Видит, сквозь кусты продирается хозяин здешних мест, старый знакомый, с которым прошлым летом тут встречался,— лохматый, заиндевелый и, поди, голодный, шатун. С таким шутки плохи. На такого с кайлом не пойдешь. Взметнулся человек на лабаз, как белка, и лесенку успел откинуть. Засел там и смотрит.
Медведь заглянул в зимовье. Пусто. К лабазу потянулся, когтями все окоренные стволы поцарапал, зубами погрыз, но забраться не смог, пытался повалить и тоже не смог. Крепкие лиственницы выбрал под стойки лабаза человек, а зверь за зиму, видимо, отощал, обессилел. Всю ночь вокруг зимовья и лабаза бродил, сопел, все обнюхивал. Ни сладким сахаром, ни соленой юколой не пахло. Был лишь запах человека. Но до него не добрался. Под утро ушел. Нитки, конечно, порвал.
Спустился человек с лабаза. Нитки снова связал. И снова пошел бить шурфы, мыть золото. Медведь больше не захаживал, наверное, опять в свою берлогу улегся.
Прошли месяцы. Кайло источилось до черенка. Человек выбился из сил. Упал. И поплыли перед глазами большими желтыми кругами яркие, как солнце, самородочки, запрыгали по белой как снег камчатной скатерти зеленые бутылки с арак-водкой, переплелись по ключам и речкам, по разлогам и распадкам, как лиственники, татарские девичьи косы...
Почуял человек смерть свою. Собрал остатнюю силенку, надрал из-под снега мха, постелил его в шурф и, помолясь аллаху, лег. Над губами смолк шепот звезд. Отшептались звезды — нет человека. Поминай, как звали.
Звали его Бориской.
Был Бориска татарином Бари Шафигуллиным. Русские и якуты имя его переиначили, а фамилию совсем забыли. Много лет спустя дотошные историки установили подлинное имя и фамилию, и кем был Бориска, и много насочиняли о нем разных легенд, как сами выражаются, «довольно неоднозначных».
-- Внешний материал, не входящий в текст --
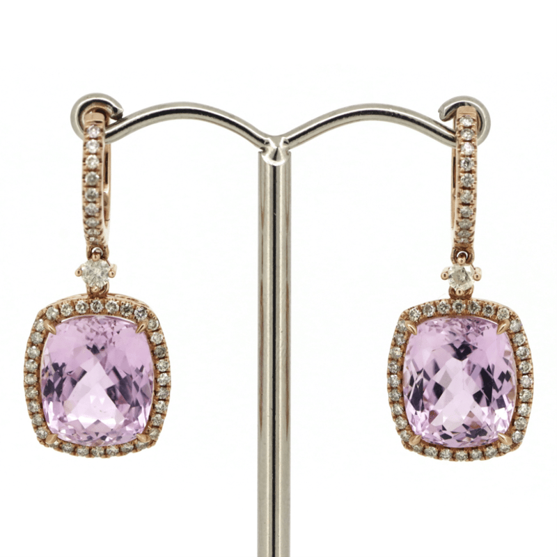 14K ROSE GOLD, KUNZITE AND DIAMOND, HALO DROP EARRINGS. THE CENTRES FEATURE, 2 CUSHION CUT, LIGHT PINKISH-PURPLE, KUNZITES (14.18CT TSW, EYE CLEAN CLARITY), 4 CLAW SET. SURROUNDING THE CENTRES IN HALOS AND DECORATING THE HOOKS ARE, 86 ROUND BRILLIANT CUT, DIAMONDS (0.63CT TDW, J-K COLOUR, SI2-I2 CLARITY), MICRO-CLAW SET. THE EARRINGS HAVE LATCH BACK CLOSURES. Jewellery Valuations Provided By A Third Party Professional Not Directly Associated With Lloyds Auctions at AUD $13,860.00This Insurance Valuation has been provided by a registered Jewellery Valuer and is intended for insurance purposes only. The valuation amount has no bearing on the auction value of the item. Any questions regarding the valuation should be directed to the issuing Valuer (refer to contact details on the certificate) as Lloyds have no association or relationship with the Valuer or the valuation amount contained within the valuation. Condition: Good - Refer Images 0645856+1619
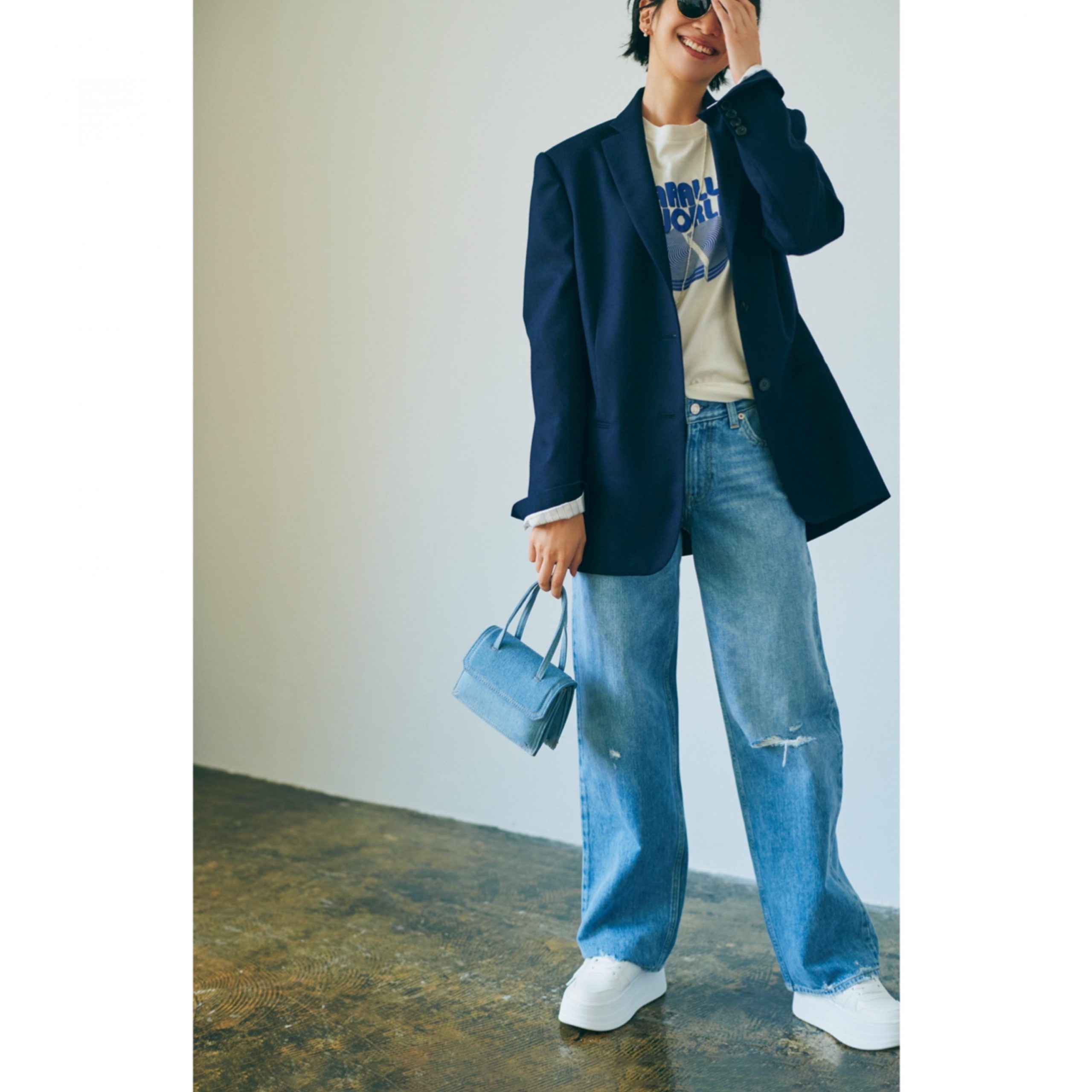 さりげなくダメージ加工の入ったデニムを主役に引き立てる、厚底スニーカーとネイビージャケットでお出かけムードを盛り上げたい!スニーカーが苦手でも厚底ならコンサバに履ける◎
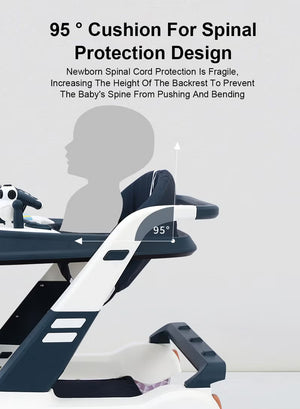 • Comfortable Walker: This multi-functional baby walker is suitable for little baby. The 95 degree cushion for spinal protection design increasing the height of the backrest to prevent the baby's spine from pushing and bending
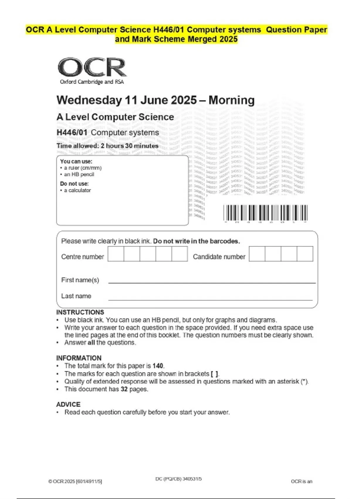 OCR A Level Computer Science H446/01 Computer systems Question Paper and Mark Scheme Merged 2025
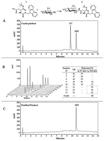 For synthetizing N-glucopeptides using SPPS-Fmoc/tBu and building blocks methodology, it is necessary to obtain the intermediary Fmoc-Asn(GlcAc4)-OtBu: Fmoc-l-Asn-(2,3,4,6-tetra-O-acetyl-β-d-N-glucopyranosyl)-OtBu. Briefly, the 2,3,4,6-tetra-O-acetyl-β-d-N-glucopyranosylamine was treated with Fmoc-Asp(OH)-OtBu (1:2 equivalents) that was previously activated with Dicyclohexylcarbodiimide (DIC) [29]. The final product was analyzed via RP-HPLC (Figure 3A) using an elution gradient of 5/5/100/100/5/5% solvent B in 0/1/18/20/20.5/24 min. The chromatographic profile presents two signals at 9.7 and 10.8 min that correspond to the Fmoc-Asp(OH)-OtBu (1) and the Fmoc-Asn(GlcAc4)-OtBu (2), respectively (Figure 3A).
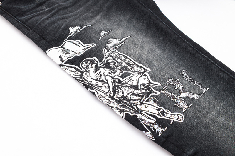 유럽과 미국의 스트리트 패셔너블 남성용 청바지 올드 블랙 그레이 패셔너블 힙합 타이트 스트레치 레깅스 남성용 패션
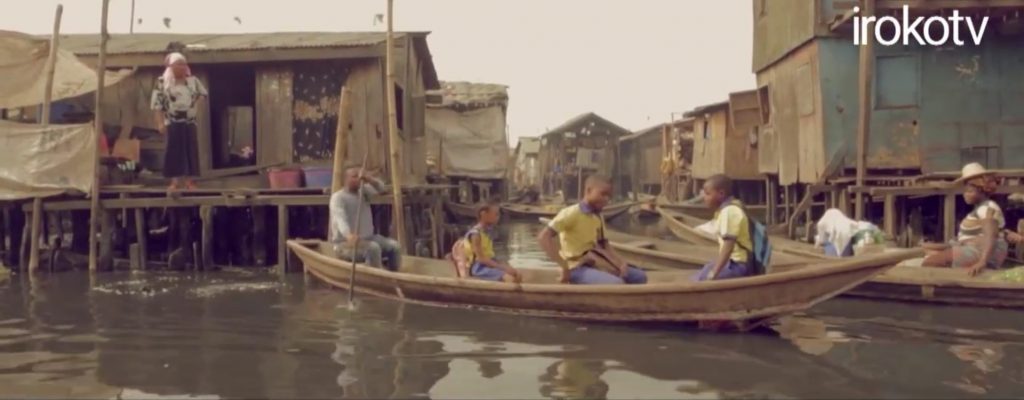 Getting rich in Lagos faisant figure d’exception, les dynamiques urbaines propres à la ville africaine n’apparaissent pas aisément aux yeux du téléspectateur même si les espaces urbains sont très largement représentés et porteurs de sens pour l’intrigue. Si les caractéristiques de l’identité lagotienne sont peu présentes dans les fictions nigérianes, les intrigues rappellent, elles, les réalités lagotiennes, tant sociales qu’économiques voire urbanistiques, notamment dans Getting rich in Lagos, où l’espace urbain apparaît dans son informalité, son insalubrité et sa pauvreté. Makoko, bidonville célèbre par sa situation sur la lagune de Lagos, est aussi marqué par son extension et sa densité de population : plus de 150 000 habitants sur une surface d’environ 70 hectares.
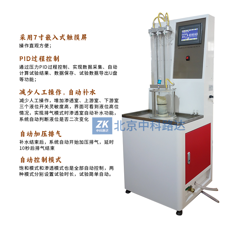 5、飽和模式和滲透模式也是全部自動控制,兩種模式分別設置試驗時長,試驗簡單自動。

Доподлинно известно только то, что из деревни Мирзан Казанской губернии злодейка-нужда да рекрутчина гнали царского дезертира Бориску за фартом-удачей по всей Сибири, на Лену, на Амур, на Зею, в Охотск, где вспыхнула золотая лихорадка, вспыхнула и погасла. А из Охотска загнали Бориску еще дальше — на Колыму.
Весной семнадцатого года якуты набрели на зимовье, непонятно кем и для чего обмотанное нитками. Зимовье было пустое. И лабаз — пустой. На окоренных лиственницax медведь точил когти и зубы, но до верху не добрался.
По ниткам, как по заячьему следу, якуты пришли к каким-то ямам. В одной увидели человека — большого, широкоскулого, чернобородого, с глубокой вмятиной на лбу. Левая нога в раскисшем ичиге, правая почему-то босая. Медведь, что ли, разул?..
В покойном признали Бориску: у русского купца конюхом служил, якутам сено косил.
Постояли над ним, сняв малахаи, полыхали трубками,
И решили:
— Худой человек Бориска.
— Зачем землю копал?
— Землю грех копать.
— Бог наказал.
Закидали труп тем иссиза-черным песком, что не успел промыть Бориска. Забросали и тех желтеньких тараканов и клопов, которые просыпались меж скрюченных пальцев покойного на дно шурфа.
И стал этот шурф могилой,
А безымянный ключик с той весны прозвали Борискиным.
В своем шурфе Бориска пролежал покойно двадцать лет, пока не поддел его ковш экскаватора. В мерзлоте труп сохранился хорошо. Врач осмотрел, составил акт.
Перезахоронили одинокого искателя фарта на склоне сопочки не без почестей. Обложили новую могилу ветками вечнозеленого стланика.